Dario Leone: “Teatro e cinema convivono felicemente nella mia agenda, non potrei mai stare senza uno dei due.”

Uno dei protagonisti del film "Le Guerre Horrende", uscito al cinema nel 2018 e ora disponibile sulle principali piattaforme in streaming, si racconta attraverso un bellissimo "viaggio" attraverso un emozionante ed intenso percorso artistico-professionale.

Dario Leone

Un attore di grandi sentimenti e felice sensibilità, quello incontrato oggi da LF: Dario Leone. Classe 1981, ha iniziato il suo percorso di attore nel 2001, prima a teatro e poi nel cinema.

In ambito teatrale ha lavorato in alcuni dei principali teatri milanesi e italiani, ed è stato finalista nel 2008 del “premio Hystrio alla vocazione teatrale”. Si specializza sia in campo teatrale che in campo cinematografico studiando con vari insegnanti e registi tra cui Sergio Rubini, Giovanni Veronesi, Carlo Boso, Daniele Salvo, Melania Giglio; e acquisendo importanti esperienze di palco con Corrado d’Elia, con cui ha lavorato per molti anni.

Nel 2009 le prime esperienze cinematografiche: inizia una serie di collaborazioni con la Scuola di Cinema di Milano, recita come protagonista in alcuni cortometraggi e nel suo primo lungometraggio “Qualcosa da Condividere”.
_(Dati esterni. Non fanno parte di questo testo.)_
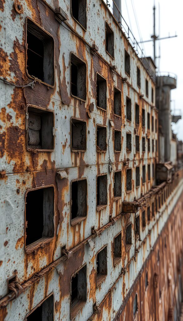 Le milieu marin représente le défi le plus complexe pour ce matériau. Les chlorures perturbent la cristallisation de la goethite et induisent une rouille poreuse, voire délaminée. À proximité immédiate du littoral, la vitesse de corrosion peut être trois à cinq fois plus élevée qu’en milieu continental, ce qui peut mener à des piqûres de corrosion sévères. De même, l’immersion permanente ou l’enfouissement sont proscrits, car l’absence de séchage empêche la densification de la patine ; le Corten se comporte alors comme un acier ordinaire.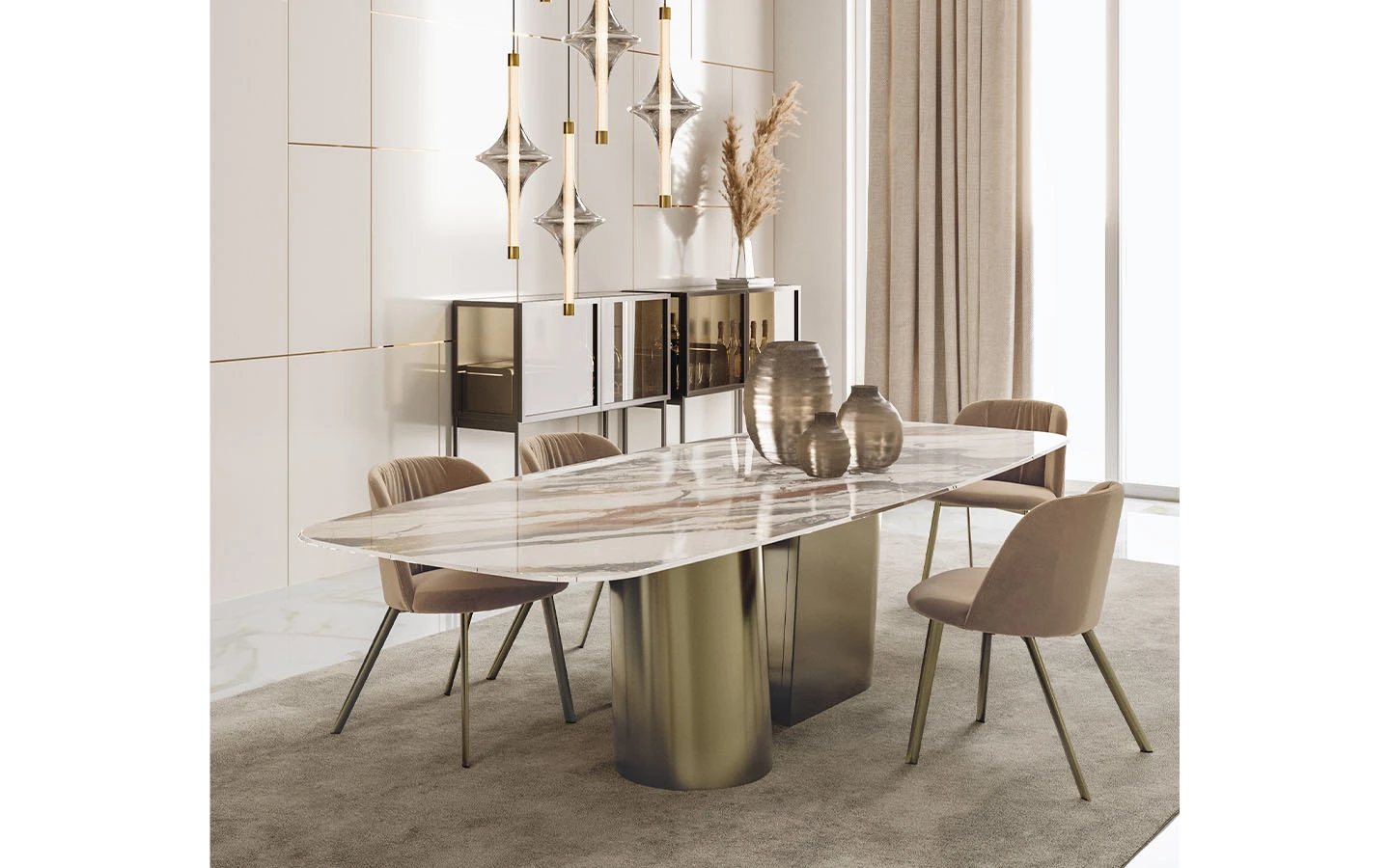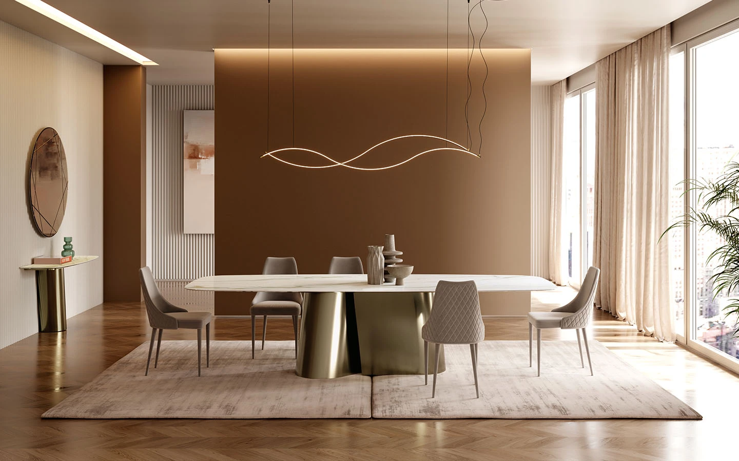 Масата KIMONO от Bontempi Casa е съвременна трапезна маса, която съчетава модерен дизайн и изключително майсторство. Проектирана от дизайнерското студио E-GGS, тя се отличава с характерна основа от метал, вдъхновена от гънките на традиционното японско кимоно, което придава на масата както стабилност, така и впечатляващ визуален акцент. Централната основа е изработена от метал и се предлага в различни покрития. Това разнообразие позволява персонализиране според различни интериорни стилове. Комбинацията от уникалната основа, вдъхновена от кимоно, и премиум материалите на плота прави масата KIMONO впечатляващ централен елемент както в съвременни, така и в класически интериори. Тя предлага хармоничен баланс между форма и функционалност.

Nel 2011-2012 è tra i protagonisti della webserie “Faccialibro”, oltre che di vari spot pubblicitari. Nel 2013 di nuovo protagonista con il lungometraggio “Star System”. Nel frattempo ha sempre continuato con la sua attività teatrale, che lo ha portato anche sul palco del teatro alla Scala di Milano ad interpretare “Selim”, nel “Ratto dal Serraglio” di Mozart, nel 2016/2017. E’ interprete ed autore di un monologo teatrale sulla vita di Giovanni Falcone, con il Patrocinio dell’omonima fondazione.

Leone, è un attore poliedrico con due grandi amori, il cinema ed il teatro, e di entrambi non potrebbe fare a meno! Infatti, ha alle spalle cinque stagioni teatrali con lo spettacolo “Bum ha i piedi bruciati” che racconta, da un punto di vista intimo, intenso e giocoso, senza rinunciare alla drammaticità degli avvenimenti, la vita di Giovanni Falcone. Lo spettacolo è patrocinato dalla Fondazione Falcone, presieduta da Maria Falcone, sorella del Magistrato scomparso, di cui Leone ci ha raccontato le intere emozioni, forti, indelebili, immutate che gli hanno suscitato questo importante incontro.

Ma nell’intervista ho voluto dapprima dare risalto ad un’altra grande interpretazione di Dario Leone, quella del paracadutista interpretato nel film “Le Guerre Horrende” di Luca Immesi e Giulia Brazzale. Uscito nelle sale nel 2018, è ora disponibile su tutte le piattaforme streaming. Il film racconta la storia di tre personaggi molto pittoreschi: il soldato, il capitano e lo scudiero.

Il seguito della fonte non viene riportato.